Many times CPA's (certified public accountants) provide investment services for a fee. They often have different levels of qualifications, and in my experience make the best advisors.

As for finding the right one for you - the referral system often times is the best source for finding a quality one. Good luck!
posted by jazzkat11 at 8:24 PM on April 20, 2005


Here's the equivalent in the United States.

However, knowing someone is a financial planner (the generic US term for an advisor paid on a % of assets, as opposed to to being paid commissions by product providers) doesn't make them necessarily right for you, and neither does their being geographically close. jazzkat11 is right: ask around. A personal referral is always going to be your best shot, and advisors know this -- it's the primary way they try to build their business.
posted by stupidsexyFlanders at 9:36 PM on April 20, 2005


I would recommend looking into a CFP (Certified Financial Planner) instead of a CPA. You can find fee-only financial planners in almost every state. They make their money offering advice, not selling products. I used to work for a firm that was fee-only and we offered training for financial planners looking to transition from sales.

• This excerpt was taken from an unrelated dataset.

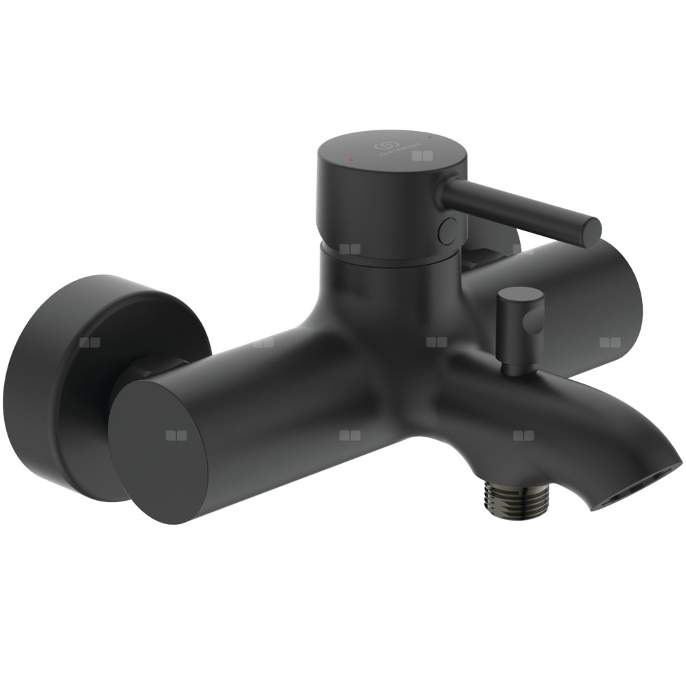 Bateria wannowa ścienna. Innowacyjna ceramiczna głowica FirmaFlow 38 mm, z ogranicznikiem temperatury. Metalowy uchwyt z nadrukowanymi czerwonymi i niebieskimi oznaczeniami. Zawór zwrotny. Przyłącza mimośrodowe z redukcją hałasu. Aerator typu Cache. Przełącznik automatyczny wanna/natrysk.
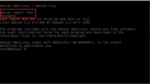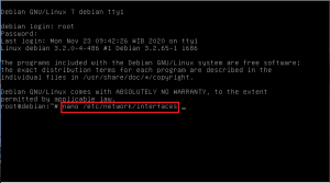 Pertama, so pasti install terlebih dahulu linux debian nya ya. Setelah itu login sebagai root. Tampilannya seperti berikut ini:

Google will turn up quite a few. I know several in CA, but I don't know your region. My e-mail is in my profile, if you'd like to know more.
posted by blackkar at 5:45 AM on April 21, 2005


There's no lack of independent financial advisers.

Some things to keep in mind:

While the CFP is a useful indicator, it isn't a particularly difficult credential to obtain. You shouldn't rule out advisers without one and you DEFINITELY shouldn't assume that someone with a CFP is competent and trustworthy.

Most competent investment advisers -- independent, and with major brokerage -- target people with investment portfolios of at least $100,000. If you've got a smaller portfolio, you're going to be looking at hourly fees of $150 or more, because a percentage of assets approach just doesn't work.
posted by MattD at 6:50 AM on April 21, 2005


In the US, CPAs (of which I am one) are a fairly diverse lot. (I believe the equivalent in the UK is a chartered accountant.) Some of them do personal financial planning as a specialty, and others know very little about it. I would recommend that you find either a CPA who is also a CFP, or just find a CFP who comes highly recommended. In general, you will get advice that is more independent if you pay an hourly fee rather than a commission.

Of course, it depends on the nature of advice you're looking for. Most CPAs who focus on individual taxation are accustomed to fielding general financial questions from their clients, and many financial situations have a strong tax component. So many CPAs without specific CFP credentialing will be perfectly competent to give general advice and recommend general investment strategies. They typically will not, however, be willing or competent to recommend individual investments.
posted by anapestic at 9:49 AM on April 21, 2005


I would seek out a fee-based financial planner-- someone who charges a fee upfront rather than makes a commission off the services he/she recommends.

More information is available from the National Association of Personal Financial Advisors. NAPFA's members are fee-only planners.

By the way, beware insurance agents masquerading as financial advisers.